It is much to be regretted that the scientific men in Java, instead of exerting all their skill and talent in the work of cultivating C. Calisaya and C. lancifolia, of the value of which there is no doubt, should have filled the forests of Java with a kind which from the first was known to be of very doubtful value, was unknown in commerce, and the cultivation of which will, it is to be feared, only end in loss and disappointment.
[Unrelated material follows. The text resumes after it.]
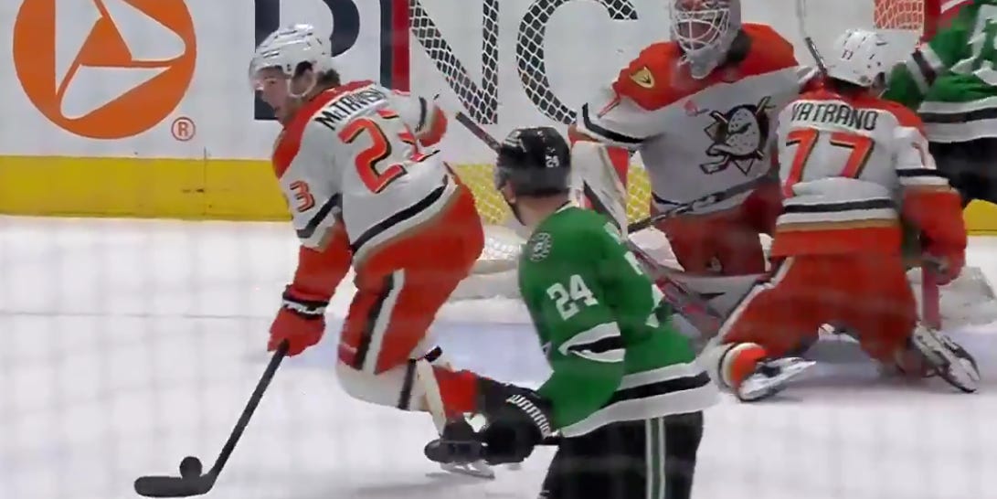 Still, Dallas kept the pressure on from there, with the Ducks’ defensive coverage repeatedly breaking down in the face of the attack. Jamie Benn played catch with Wyatt Johnston, eventually ripping a snap shot from the slot that Dostál just barely caught up to.
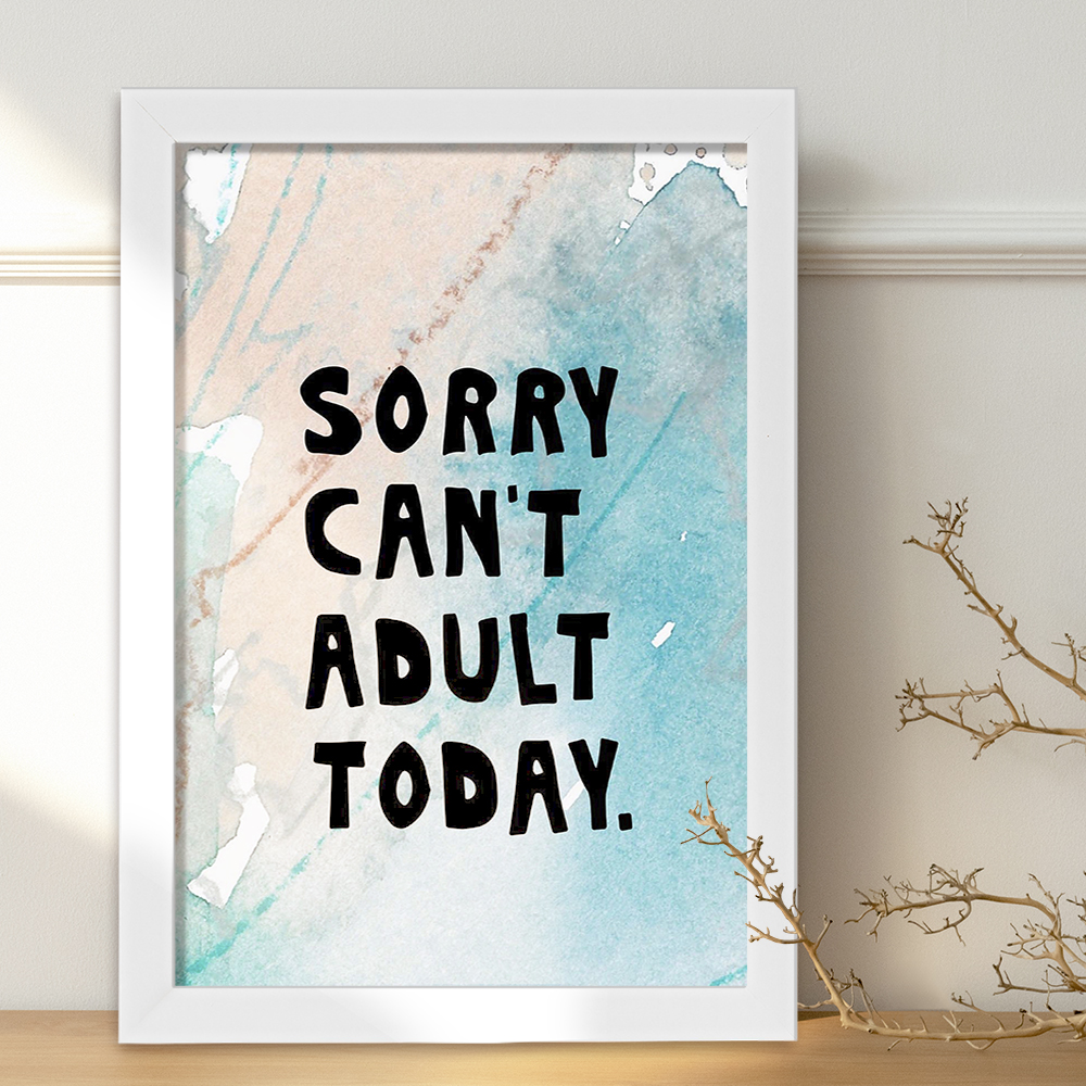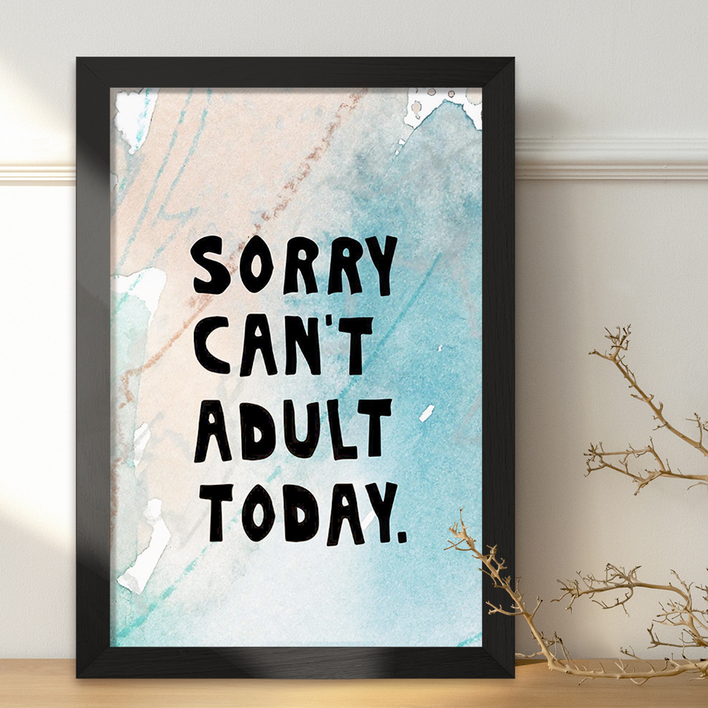تابلو یا قاب عکس Sorry Can’t Adult Today خندالو در ابعاد مختلف با استفاده از بهترین برند پروفیل پی وی سی دو سانتی متری بسیار مرغوب، تولید شده اند و در مونتاژ و نصب آنها نهایت دقت در قرارگیری هر چه دقیق تر لبه ها به یکدیگر صورت گرفته است. همچنین در پشت قاب ها گیره ای برای اتصال راحت به دیوار تعبیه شده است. چاپ طرح تابلوی Sorry Can’t Adult Today با بالاترین کیفیت بوسیله چاپگرهای دیجیتال شش رنگ و کاغذ با کیفیت عکاسی انجام شده و بر روی آن شیشه ای با کیفیت و شفاف در سطح قاب قرار گرفته که از کاغذ عکس محافظت میکند. بسته بندی تابلوها جعبه های مقاوم و محکمی بوده که علاوه بر محافظتی که از بدنه قاب می کند، ظاهر جذابی دارد و تابلوی Sorry Can’t Adult Today را بدل به محصولی مناسب هدیه کرده است. تابلوهای خندالو با تنوع طرحی بسیار بالا شامل تابلو های دکوراتیو قابل استفاده در اتاق کودک، محل کار و منازل می باشد که سلیقه هر مخاطبی را پوشش می دهد، ضمن اینکه امکان تعویض عکس موجود در قاب وجود داشته و می توان عکس های خانوادگی و … را نیز در آن قرار داد.

The valuable species were found to be much more tender, and more sensitive to external unfavourable influences, than the C. Pahudiana; the latter was therefore propagated rapidly, and unwisely allowed to outstrip the other kinds in the race, and the consequence has been that it has gained an immense preponderance. Thus, so far as valuable species of chinchona-plants are concerned, the Dutch experiment in Java has been attended by a very small measure of success. After three years the Dutch gardeners only had forty plants of valuable species in Java, and after six years they had only increased their stock to seven thousand plants. It will presently be seen that far greater results were attained in India within eighteen months of the first introduction of the chinchona-plants.
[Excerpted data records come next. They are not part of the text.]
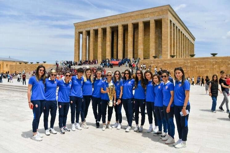 Şampiyonluk kupasıyla birlikte Ulu Önder Gazi Mustafa Kemal Atatürk’ün huzuruna çıkan sporcular, teknik heyet ve yöneticiler mozolenin önünde saygı duruşunda bulunulmasının ardından İstiklal Marşı’nı okundu.
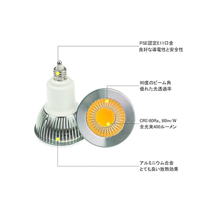 원본상품명: Muslish LED電球 E11 LED スポットライト 角90度 100V AC 50W形相 5個入
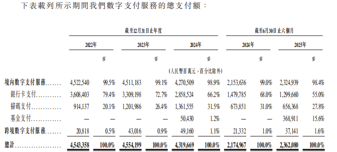 在细分业务中,跨境支付被寄予厚望。2024年交易额约491.6亿元,同比提升14.28%;2025年上半年达到371.41亿元。但与整体支付额相比占比仍不足2%,短期仍难成为公司新的支柱。
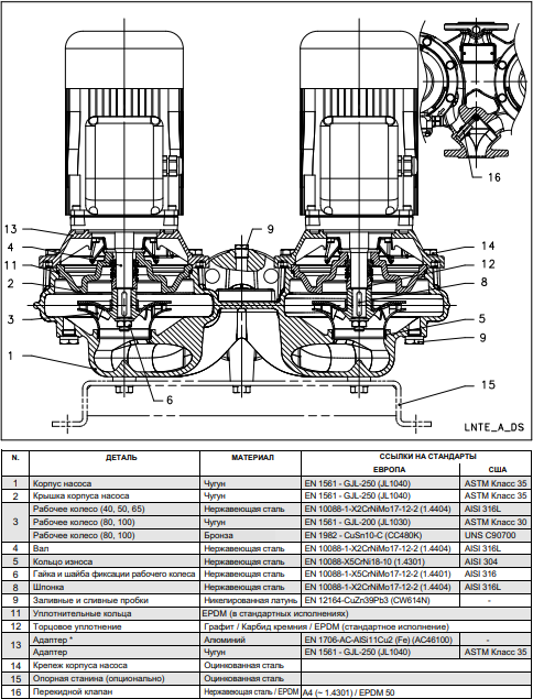 Насосы Lowara серии LNTE представляют собой сдвоенные центробежные насосы со всасывающим и напорным патрубками «ин-лайн» типа. Насосы оснащены закрытыми рабочими колесами, связанными автоматически переключающимся клапаном. Оба насоса могут работать по отдельности или параллельно.
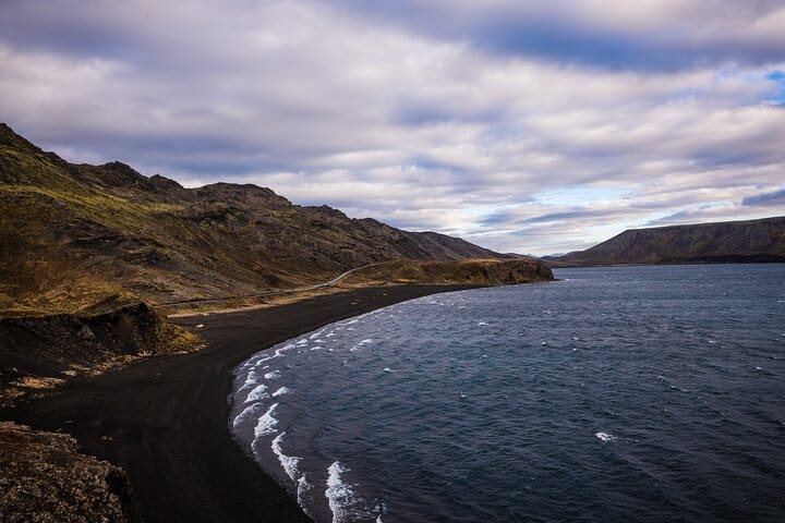 - Kleifarvatn, the largest lake on the Reykjanes Peninsula. It offers a serene escape surrounded by volcanic craters and moss-covered lava fields. Let’s forever document you among these beautiful mountains, and volcanic features alongside the crystal-clear waters of this famed lake!

| 1857.[9] | December, | December, | ||
| At Tjibodas. | 1859.[112] | 1860.[113] | 1861. | |
| C. Calisaya | 37 | 3,201 | 7,316 | ? |
| C. lancifolia | 3 | 45 | 80 | ? |
| C. Pahudiana | 60 | 96,838 | 939,809 | Millions. |
Yet, so great are the difficulties of this most important undertaking, that, in spite of the comparative failure in Java, the highest praise and admiration are due both to M. Hasskarl and to his successors. They have devoted great ability, no ordinary amount of scientific knowledge, and untiring perseverance to this good work; and, now that they have received plants of other really valuable species from India, there is a prospect that the chinchona cultivation in Java may eventually attain such a measure of success as will entitle Dr. Junghuhn and Dr. de Vry to the gratitude of their countrymen.[114]
CHAPTER IV.
INTRODUCTION OF CHINCHONA-PLANTS INTO INDIA.
PRELIMINARY ARRANGEMENTS.
The distribution of valuable products of the vegetable kingdom amongst the nations of the earth—their introduction from countries where they are indigenous into distant lands with suitable soils and climates—is one of the greatest benefits that civilization has conferred upon mankind. Such measures ensure immediate material increase of comfort and profit, while their effects are more durable than the proudest monuments of engineering skill. With all their shortcomings, the Spaniards can point to vast plains covered with wheat and barley, to valleys waving with sugar-cane, and to hill-slopes enriched by vineyards and coffee-plantations, as the fruits of their conquest of South America. On the other hand, India owes to America the aloes which line the roads in Mysore, the delicious anonas, the arnotto-tree, the sumach, the capsicums so extensively used in native curries, the pimento, the papaw, the cassava which now forms the staple food of the people of Travancore, the potato, tobacco, Indian corn, pine-apples, American cotton, and lastly the chinchona: while the slopes of the Himalayas are enriched by tea-plantations, and the hills of Southern India are covered with rows of coffee-trees.